Bond Insurance

Bond insurance is a service where bond holders pay a premium for interest and capital repayments specified in the bond if the issuer cannot do so. This raises the bond rating to be the same as the credit rating of the insurer.

Friday, February 29, 2008

MBIA's CEO Tells CNBC He's "Comfortable" Competing with Warren Buffett

In a live on-set interview during today's Closing Bell on CNBC, MBIA CEO Jay Brown told us he's "comfortable" going up against Warren Buffett's new bond insurance company, although he acknowledges that Berkshire Hathaway can be "tough" competition.

In response to a question from Michele Caruso-Cabrera about Buffett "going after" his business, Brown suggested Buffett might not be in it for the long haul:

  "I have competed with Warren Buffett in the insurance space most of my life.  They're tough competitors.  They offer a unique product.  And they also like to come in and out of markets.  The muni market, or the structured market, when you look at it, needs constant players in there.  We've seen a huge drop in bond coverage provided by the market.

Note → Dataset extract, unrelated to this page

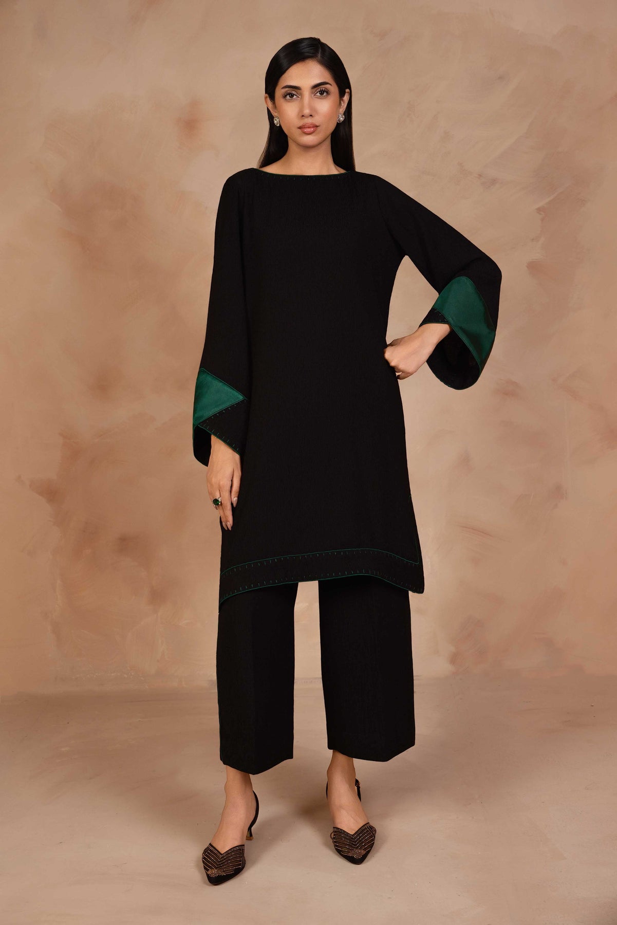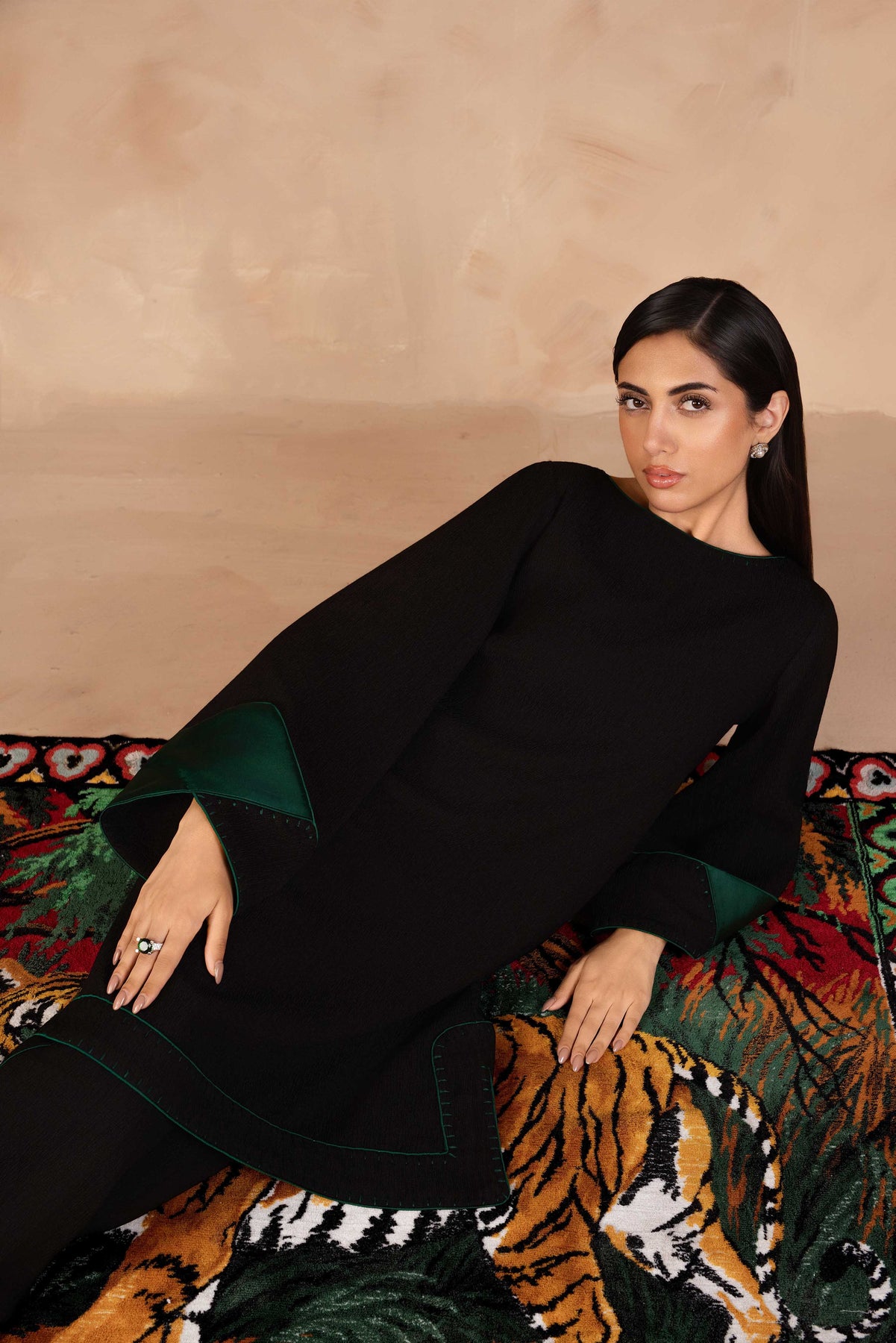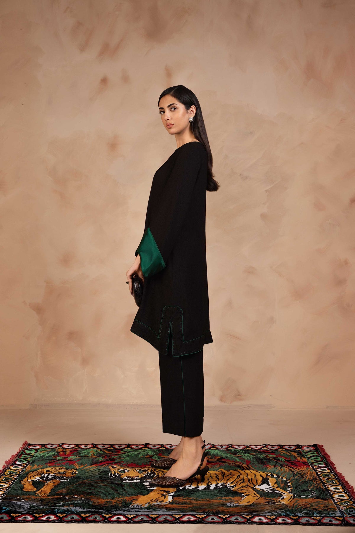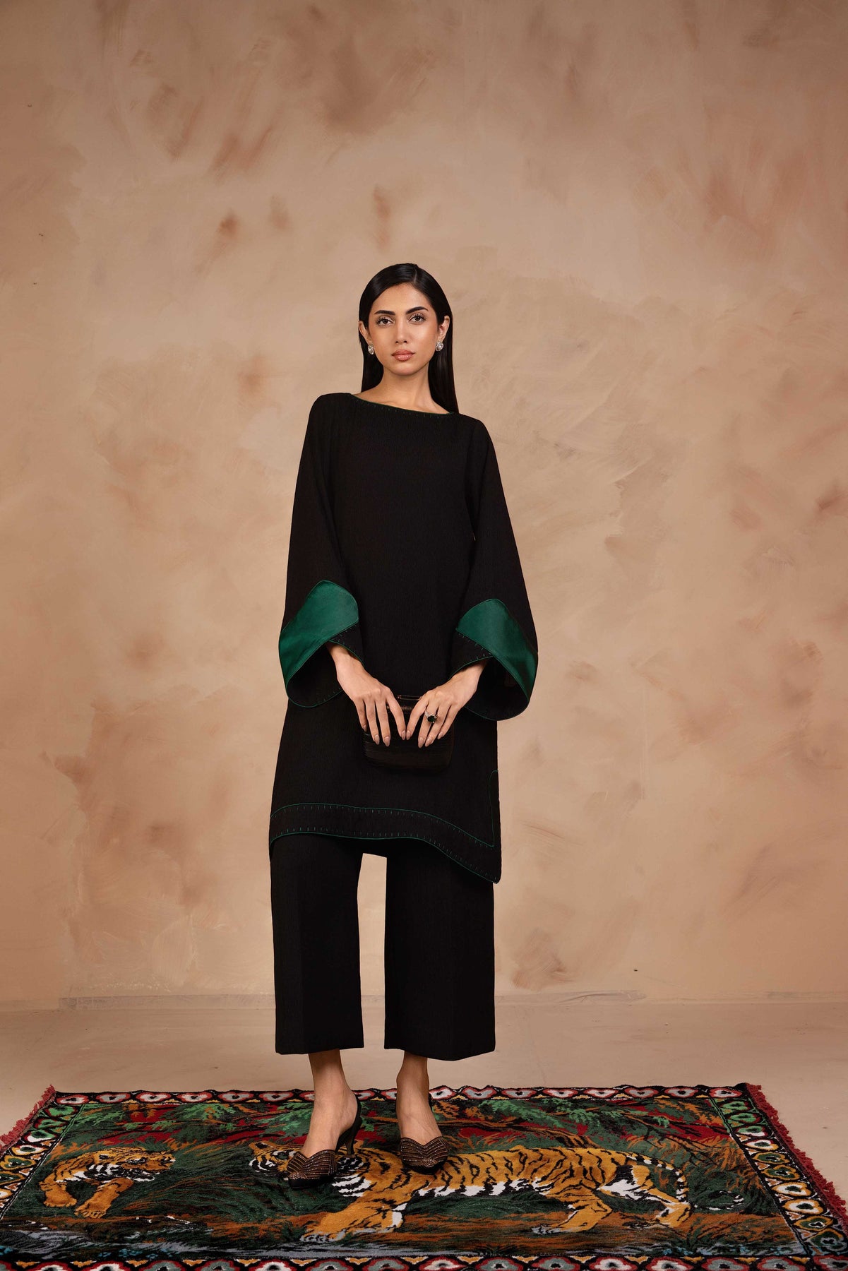 This elegant black ensemble, fashioned from crush-effect winter silk, offers a textural richness perfect for cooler weather. The boat-neck tunic features chic, flared cuffs with a vibrant emerald green lining, complemented by subtle green threadwork at the hem.
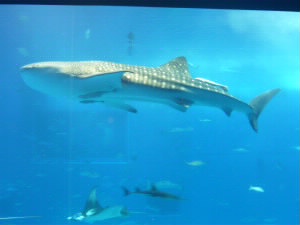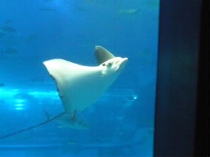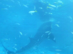 左:マンタの仲間?三角の気になる奴が。 下から見ると口とエラで「悪い顔」に見えます(笑) いろんな顔を探して笑いあいながら、ジンベイざめの給餌の時間を待ちます。 左下:ごはんだよ〜。 おお!垂直になっている!が、食べる勢いがすごくて水槽の中が大騒ぎになってました。(笑) 右下:さいごにジンベイと(^^) |

    Warren saw an opportunity.  Warren never misses an opportunity to jump in, especially when there's stress.  And so I think I'm pretty comfortable we can compete with Warren."

It's was an interesting interview, with Brown talking in detail about his plans and goals for the troubled bond insurer, which today held onto its AAA rating from Moody's, at least for now.  He revealed that MBIA is done raising "significant dilutive capital."